Problem statement → The line that contains "2003年2月24日上午在新" marks the start. Please set it down, with every later line of the data, exactly and without pictures.

Dataset section →
-----

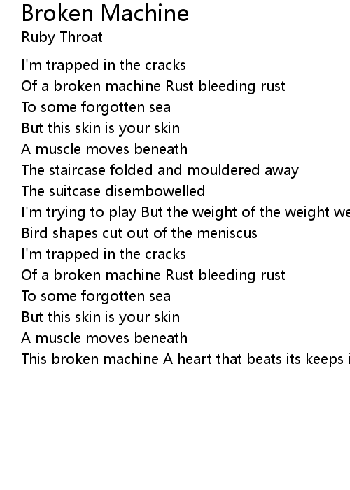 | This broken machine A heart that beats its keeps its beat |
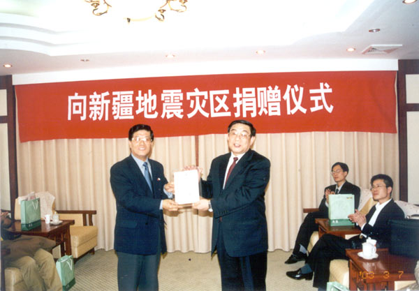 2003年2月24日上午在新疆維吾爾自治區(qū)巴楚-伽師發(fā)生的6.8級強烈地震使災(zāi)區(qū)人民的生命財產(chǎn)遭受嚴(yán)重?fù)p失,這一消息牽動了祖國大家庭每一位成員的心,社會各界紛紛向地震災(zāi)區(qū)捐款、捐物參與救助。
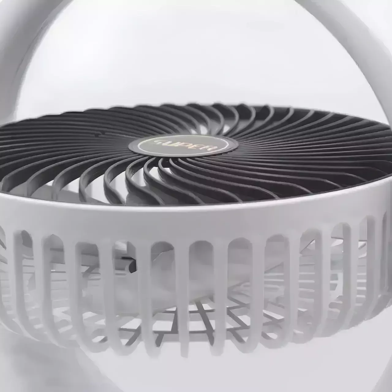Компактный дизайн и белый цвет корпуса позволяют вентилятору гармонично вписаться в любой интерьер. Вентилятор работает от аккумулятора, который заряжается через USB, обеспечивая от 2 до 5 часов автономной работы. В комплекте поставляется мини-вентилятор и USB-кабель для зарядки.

-----

Your response →
 2003年2月24日上午在新疆維吾爾自治區(qū)巴楚-伽師發(fā)生的6.8級強烈地震使災(zāi)區(qū)人民的生命財產(chǎn)遭受嚴(yán)重?fù)p失,這一消息牽動了祖國大家庭每一位成員的心,社會各界紛紛向地震災(zāi)區(qū)捐款、捐物參與救助。
Компактный дизайн и белый цвет корпуса позволяют вентилятору гармонично вписаться в любой интерьер. Вентилятор работает от аккумулятора, который заряжается через USB, обеспечивая от 2 до 5 часов автономной работы. В комплекте поставляется мини-вентилятор и USB-кабель для зарядки.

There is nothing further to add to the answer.